Now download The Avenger by Swandog46, and save it to your Desktop.

• Extract avenger.exe from the Zip file and save it to your desktop
• Run avenger.exe by double-clicking on it.
• Do not change any check box options!!
• Copy everything in the Quote box below, and paste it into the Input script here: part of the window:

• Now click the Execute button.
• Click Yes to the prompt to confirm you want to execute.
• Click Yes to the Reboot now? question that will appear when Avenger finishes running.
• Your PC should reboot, if not, reboot it yourself.
• A log file from Avenger will be produced at C:\avenger.txt and it will popup for you to view when you login after reboot.

After reboot look for all of the above files we had Avenger attempt to delete. If you still see them, delete them yourself.

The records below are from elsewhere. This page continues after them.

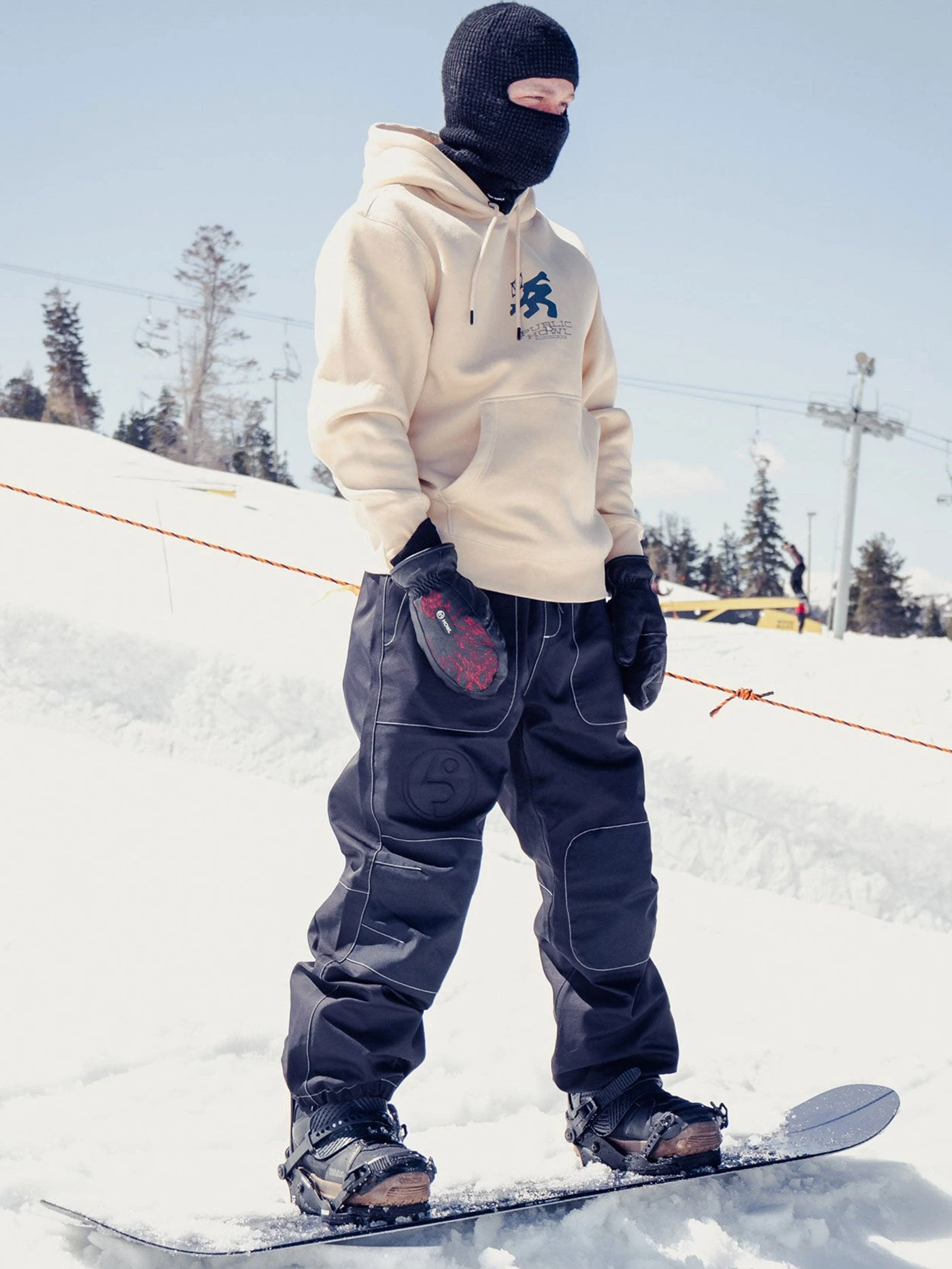 The DWR Hoodie, a highly technical garment designed to keep you dry during your time on the slopes, allowing you to extend your mountain adventures. Featuring a pass holder on the sleeve and convenient thumb holes for added comfort, this hoodie ensures both functionality and style, enhancing your winter sports experience. Additionally, we offer the DWR Hoodie in a collaborative colorway with Public Snowboards.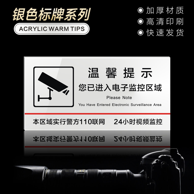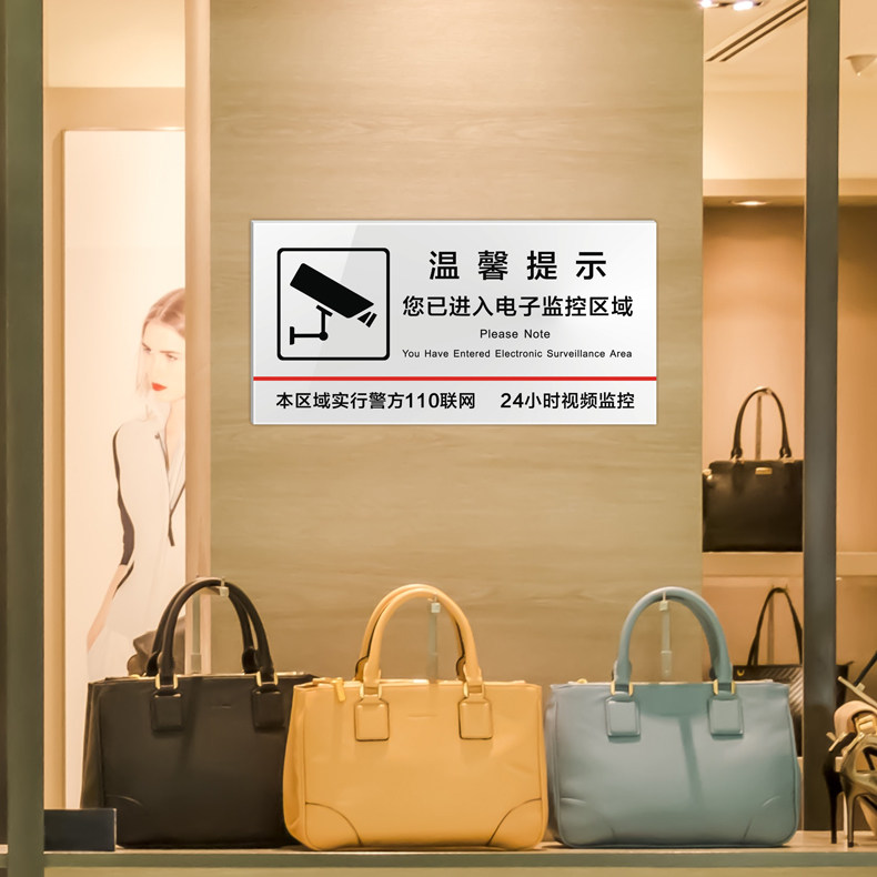 Acrylic you have entered the electronic monitoring area Sweet Cue Cards Wall Sticker this area Police 110 Networking 24 hours Video surveillance warning signs Shops Mall Supermarket Logo-Taobao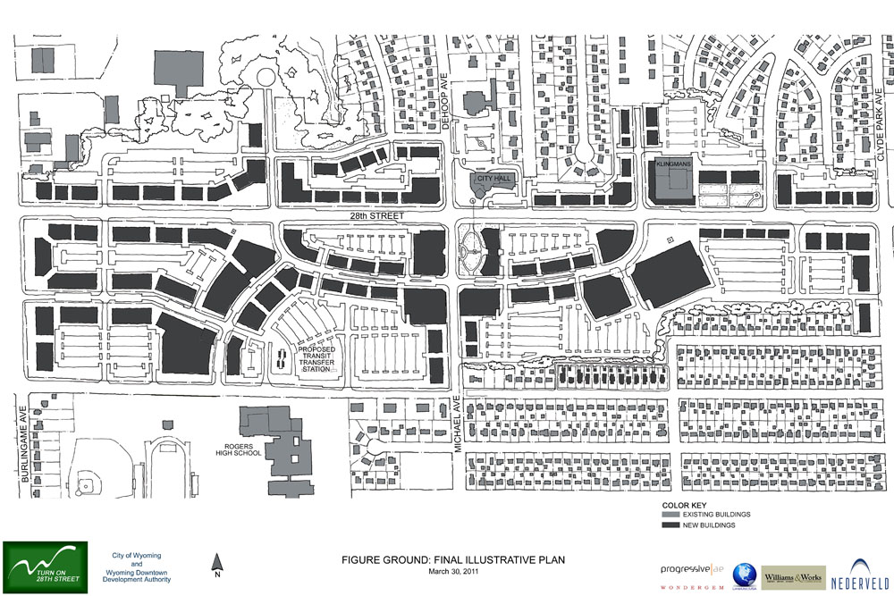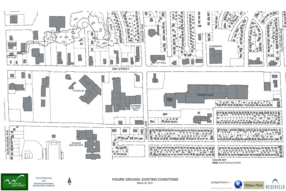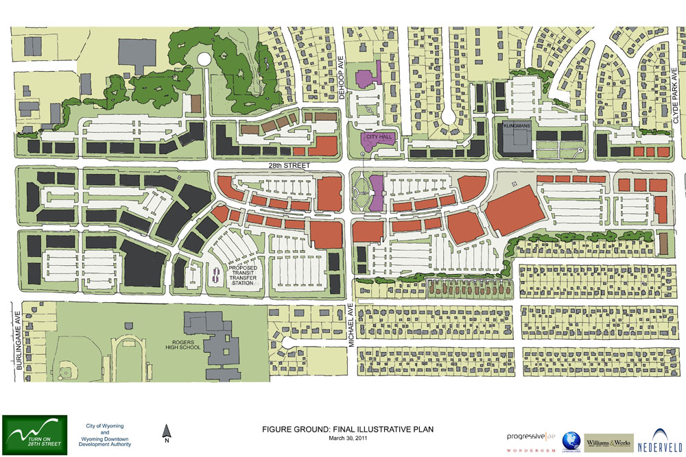 Today, the movie theater is closed, Rogers Plaza is only partially occupied and much of the destination shopping has shifted to more strategically located commercial centers. In an effort to reverse these downward trends, the City of Wyoming and the Wyoming DDA have launched a long-range planning and implementation process that commenced with the creation of a master plan that envisions a new future for the old corridor.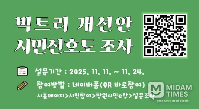 미담타임스 김교환 기자 | 창원특례시는 11월 11일부터 24일까지 2주간 ‘빅트리 개선안 시민 선호도 조사’를 실시한다.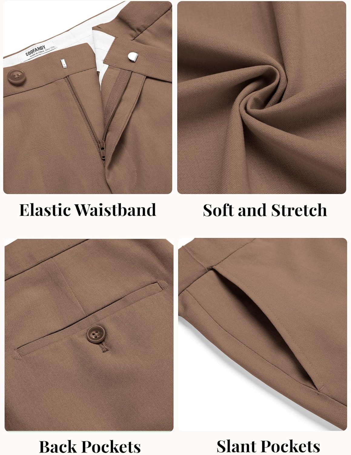 imageCOOFANDY Men Linen Dress Pants Classic Fit Suit Pants Lightweight Wrinkle Free Casual TrousersBrown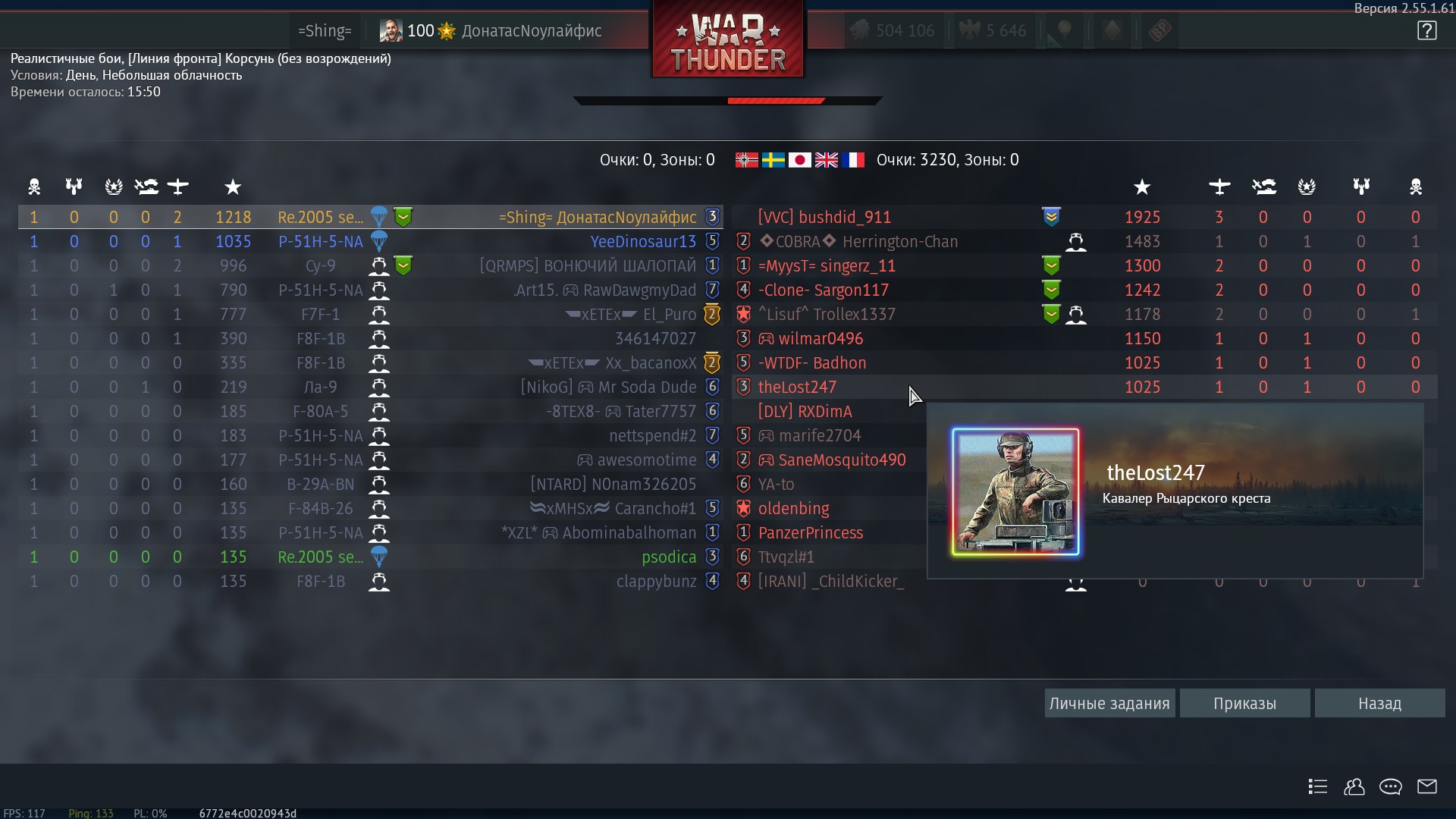сбил по очереди атаковавших меня Суперкорсара и Супермустанга, потом напоследок разменялся с Ф-84

Also delete all files in the below folders except ones from the current date (Windows will not let you delete the files from the current day).
D:\WINDOWS\Temp
D:\Documents and Settings\Dmitri\Local Settings\Temp

Now run Ccleaner to clean out only temp files and nothing else!

Now download the current version of MGtools and save it to your root folder. Overwrite your previous MGtools.exe file with this one.

Run MGtools.exe ( Note: If using Vista make sure UAC is still disabled. Also don't double click on it, use right click and select Run As Administrator )


Then attach the below logs:

• C:\avenger.txt
• C:\MGlogs.zip

Make sure you tell me how things are working now!